-------- AVAILABLE DATA

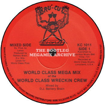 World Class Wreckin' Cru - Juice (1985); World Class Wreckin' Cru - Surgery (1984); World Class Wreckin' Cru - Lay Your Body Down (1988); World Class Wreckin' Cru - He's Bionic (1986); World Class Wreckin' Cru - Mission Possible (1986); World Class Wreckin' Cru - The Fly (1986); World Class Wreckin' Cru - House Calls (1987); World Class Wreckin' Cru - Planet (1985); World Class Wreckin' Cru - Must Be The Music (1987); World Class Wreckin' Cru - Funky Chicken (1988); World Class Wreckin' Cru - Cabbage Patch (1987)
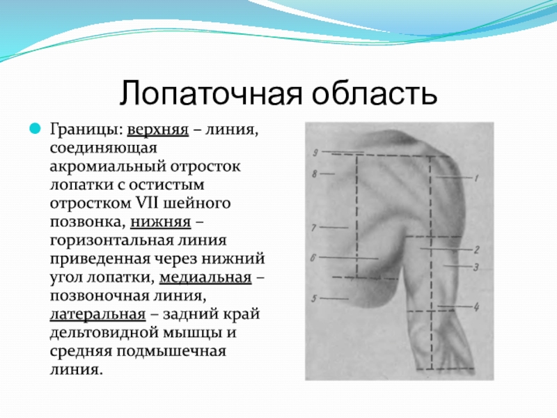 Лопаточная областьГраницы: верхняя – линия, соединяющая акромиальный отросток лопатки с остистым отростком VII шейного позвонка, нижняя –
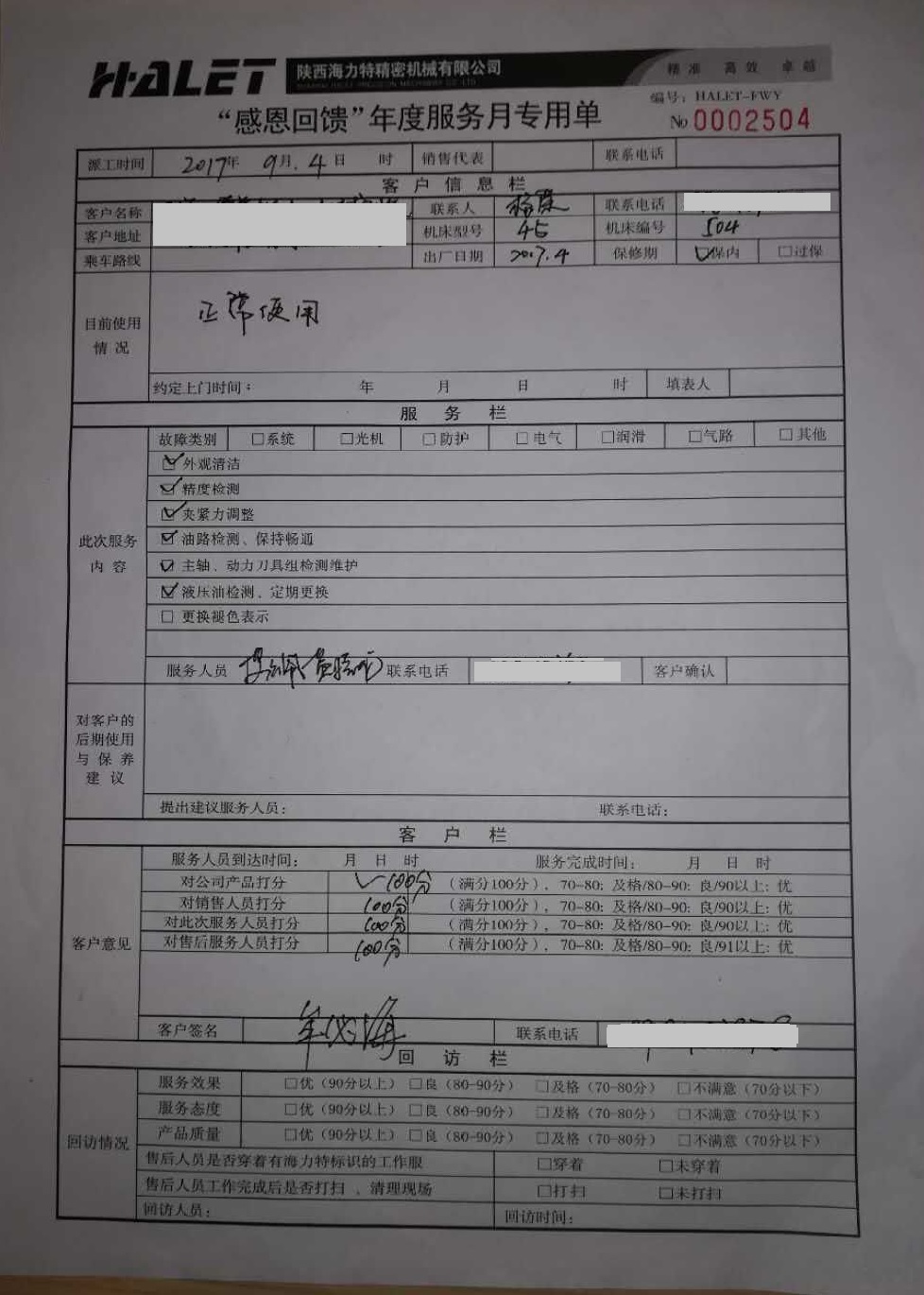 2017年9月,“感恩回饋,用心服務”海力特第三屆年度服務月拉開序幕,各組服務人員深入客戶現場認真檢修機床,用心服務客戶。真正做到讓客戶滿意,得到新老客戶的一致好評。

----------------
-------- AVAILABLE DATA

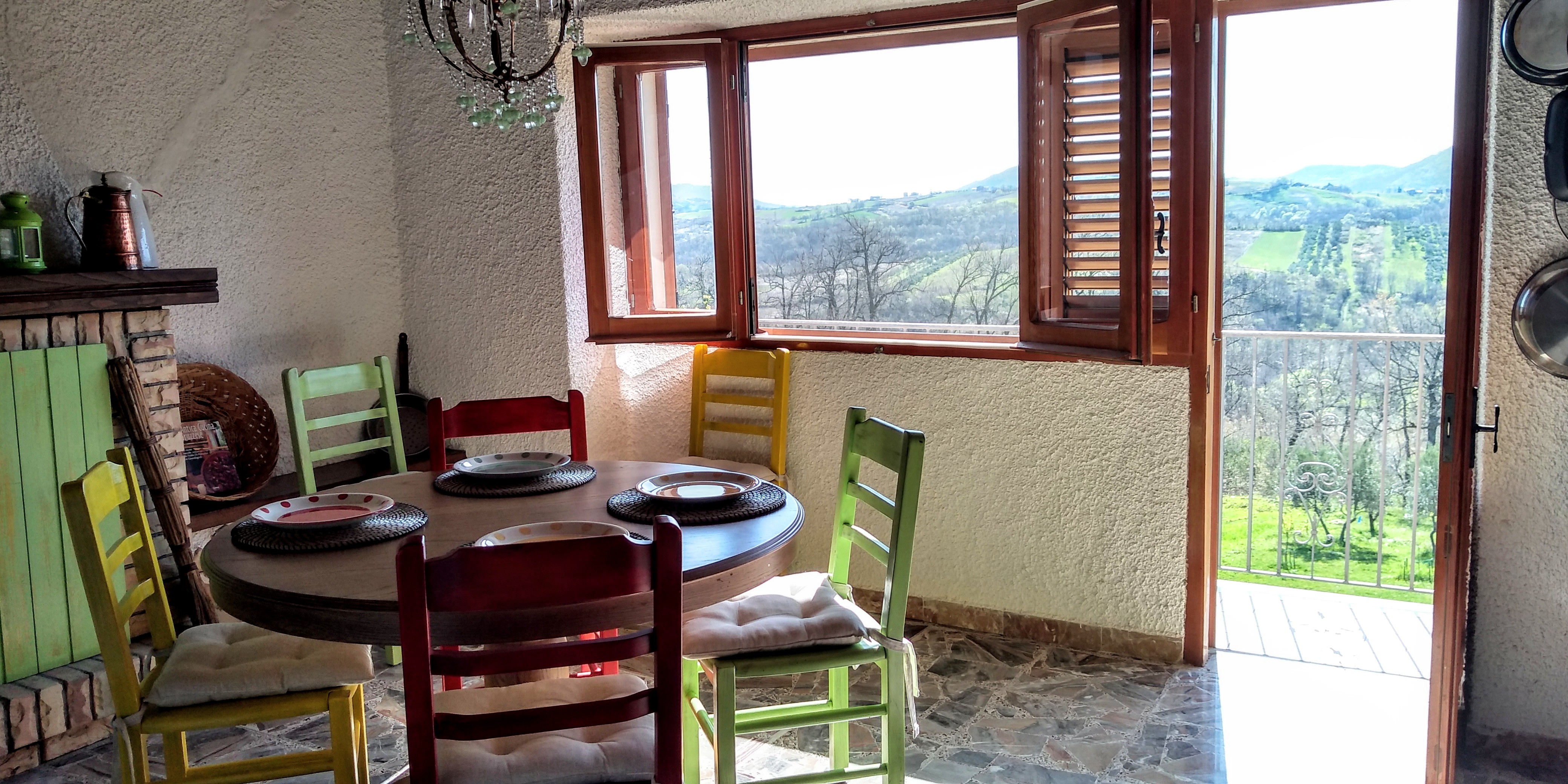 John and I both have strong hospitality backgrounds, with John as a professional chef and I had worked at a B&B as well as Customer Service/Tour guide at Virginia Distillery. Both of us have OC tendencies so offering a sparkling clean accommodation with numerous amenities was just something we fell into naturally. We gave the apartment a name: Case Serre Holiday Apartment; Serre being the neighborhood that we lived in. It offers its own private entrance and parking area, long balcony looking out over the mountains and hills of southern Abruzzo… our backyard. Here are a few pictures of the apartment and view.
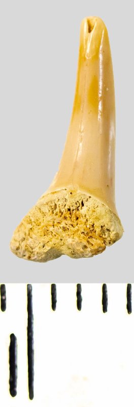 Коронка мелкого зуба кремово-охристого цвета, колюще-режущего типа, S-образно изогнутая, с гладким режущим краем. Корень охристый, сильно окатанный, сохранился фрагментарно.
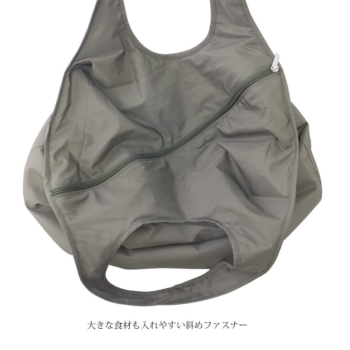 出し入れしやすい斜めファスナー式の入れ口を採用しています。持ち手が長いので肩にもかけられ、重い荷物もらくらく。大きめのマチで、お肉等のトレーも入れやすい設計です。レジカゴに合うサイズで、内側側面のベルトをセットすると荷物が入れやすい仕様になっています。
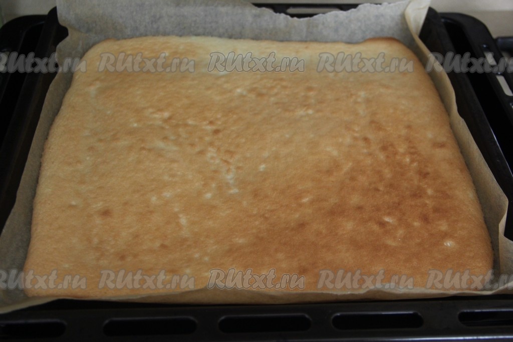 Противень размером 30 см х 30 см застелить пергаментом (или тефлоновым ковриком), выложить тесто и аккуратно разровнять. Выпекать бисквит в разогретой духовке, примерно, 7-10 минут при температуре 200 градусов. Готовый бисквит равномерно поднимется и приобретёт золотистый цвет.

----------------

TRY IT.
Set down exactly the lines above, from the line containing "Коронка мелкого зуба" through the line containing "出し入れしやすい斜めファスナ". Skip the pictures.

ANSWER BOX.
 Коронка мелкого зуба кремово-охристого цвета, колюще-режущего типа, S-образно изогнутая, с гладким режущим краем. Корень охристый, сильно окатанный, сохранился фрагментарно.
 出し入れしやすい斜めファスナー式の入れ口を採用しています。持ち手が長いので肩にもかけられ、重い荷物もらくらく。大きめのマチで、お肉等のトレーも入れやすい設計です。レジカゴに合うサイズで、内側側面のベルトをセットすると荷物が入れやすい仕様になっています。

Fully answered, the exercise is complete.